# Data to process
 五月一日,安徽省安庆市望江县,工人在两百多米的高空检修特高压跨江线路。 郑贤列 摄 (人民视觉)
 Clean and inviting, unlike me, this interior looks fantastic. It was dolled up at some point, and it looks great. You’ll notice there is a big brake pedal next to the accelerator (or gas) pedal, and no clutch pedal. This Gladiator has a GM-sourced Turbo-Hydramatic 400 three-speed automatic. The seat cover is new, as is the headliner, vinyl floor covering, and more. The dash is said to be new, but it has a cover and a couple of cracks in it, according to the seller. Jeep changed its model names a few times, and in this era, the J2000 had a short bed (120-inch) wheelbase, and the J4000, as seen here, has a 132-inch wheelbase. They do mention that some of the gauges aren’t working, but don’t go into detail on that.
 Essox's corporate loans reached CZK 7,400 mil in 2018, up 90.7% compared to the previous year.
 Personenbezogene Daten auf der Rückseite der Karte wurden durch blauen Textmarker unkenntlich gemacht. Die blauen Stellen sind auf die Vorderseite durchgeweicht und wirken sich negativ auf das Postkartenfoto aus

...

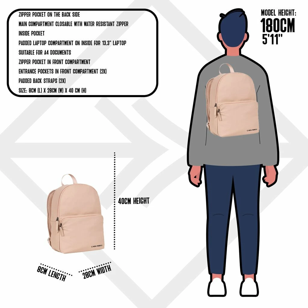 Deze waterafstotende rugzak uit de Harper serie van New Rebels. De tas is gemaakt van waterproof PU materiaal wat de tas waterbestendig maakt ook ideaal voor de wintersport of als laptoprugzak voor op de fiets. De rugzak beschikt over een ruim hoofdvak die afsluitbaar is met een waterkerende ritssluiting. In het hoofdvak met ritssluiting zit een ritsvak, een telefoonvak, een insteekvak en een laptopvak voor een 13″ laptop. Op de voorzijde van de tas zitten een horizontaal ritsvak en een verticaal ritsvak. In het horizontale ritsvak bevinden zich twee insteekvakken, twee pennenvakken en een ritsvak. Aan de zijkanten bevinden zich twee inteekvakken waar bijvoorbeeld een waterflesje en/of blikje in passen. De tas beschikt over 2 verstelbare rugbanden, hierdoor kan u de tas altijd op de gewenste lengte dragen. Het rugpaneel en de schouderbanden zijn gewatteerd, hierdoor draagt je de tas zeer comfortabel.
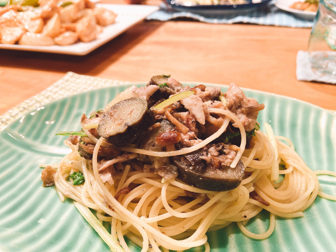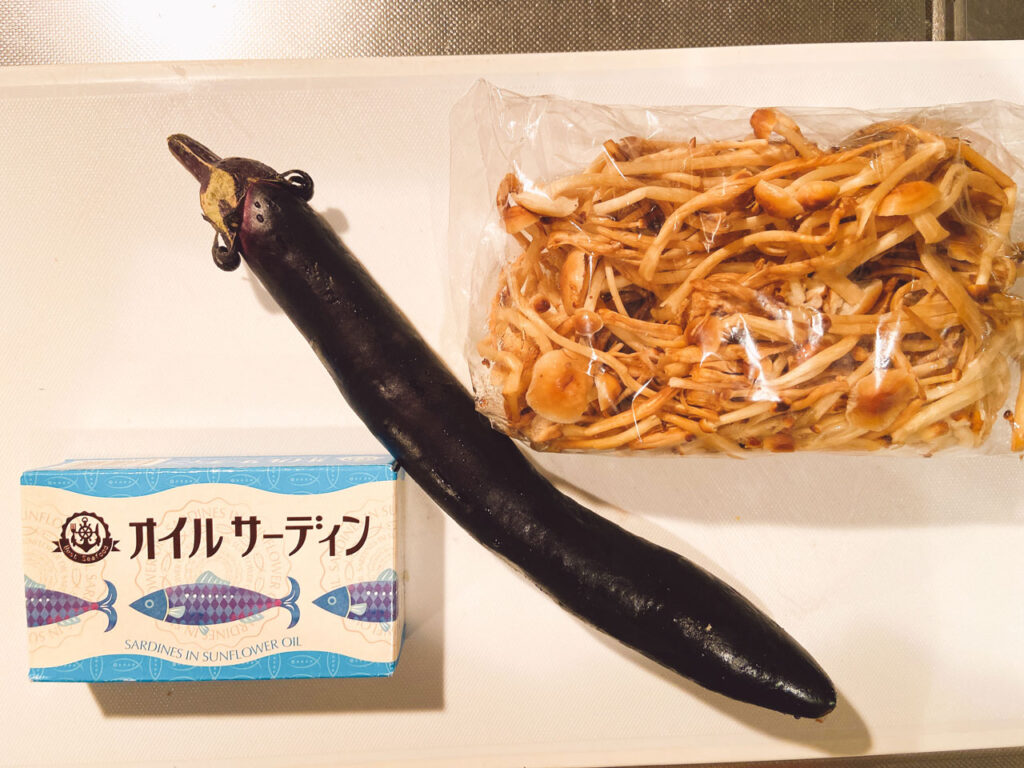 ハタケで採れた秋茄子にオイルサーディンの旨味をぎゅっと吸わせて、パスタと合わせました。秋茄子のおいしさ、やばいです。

---

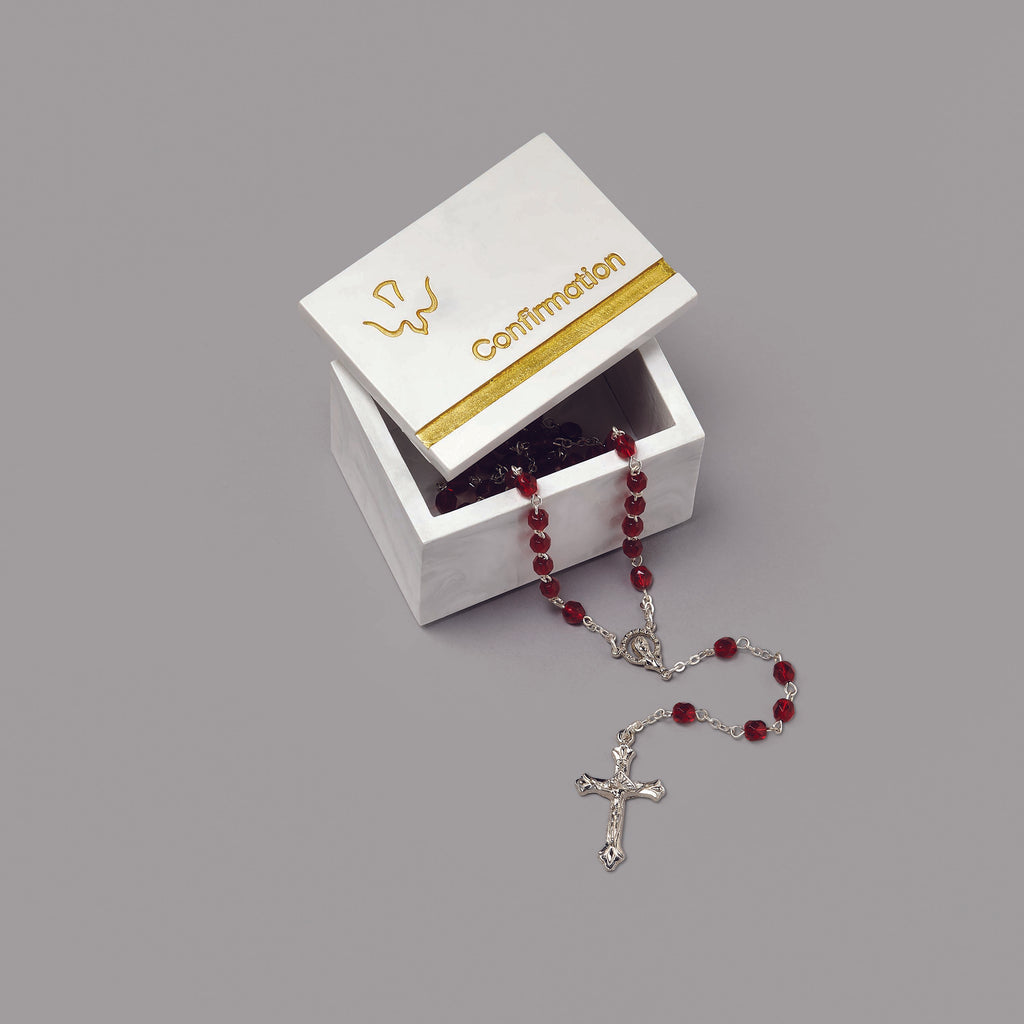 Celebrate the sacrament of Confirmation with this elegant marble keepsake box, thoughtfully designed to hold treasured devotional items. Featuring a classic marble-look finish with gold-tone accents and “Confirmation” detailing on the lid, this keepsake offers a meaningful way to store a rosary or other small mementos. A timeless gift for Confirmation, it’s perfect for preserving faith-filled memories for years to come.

# What is required
What you give back must be the stretch above, starting at the line with "五月一日,安徽省安庆市望江县,工人在两百多米的高空检修特高压跨江线路。 郑贤列 摄" and ending at the line with "Personenbezogene Daten auf", copied exactly.

# Task answer
 五月一日,安徽省安庆市望江县,工人在两百多米的高空检修特高压跨江线路。 郑贤列 摄 (人民视觉)
 Clean and inviting, unlike me, this interior looks fantastic. It was dolled up at some point, and it looks great. You’ll notice there is a big brake pedal next to the accelerator (or gas) pedal, and no clutch pedal. This Gladiator has a GM-sourced Turbo-Hydramatic 400 three-speed automatic. The seat cover is new, as is the headliner, vinyl floor covering, and more. The dash is said to be new, but it has a cover and a couple of cracks in it, according to the seller. Jeep changed its model names a few times, and in this era, the J2000 had a short bed (120-inch) wheelbase, and the J4000, as seen here, has a 132-inch wheelbase. They do mention that some of the gauges aren’t working, but don’t go into detail on that.
 Essox's corporate loans reached CZK 7,400 mil in 2018, up 90.7% compared to the previous year.
 Personenbezogene Daten auf der Rückseite der Karte wurden durch blauen Textmarker unkenntlich gemacht. Die blauen Stellen sind auf die Vorderseite durchgeweicht und wirken sich negativ auf das Postkartenfoto aus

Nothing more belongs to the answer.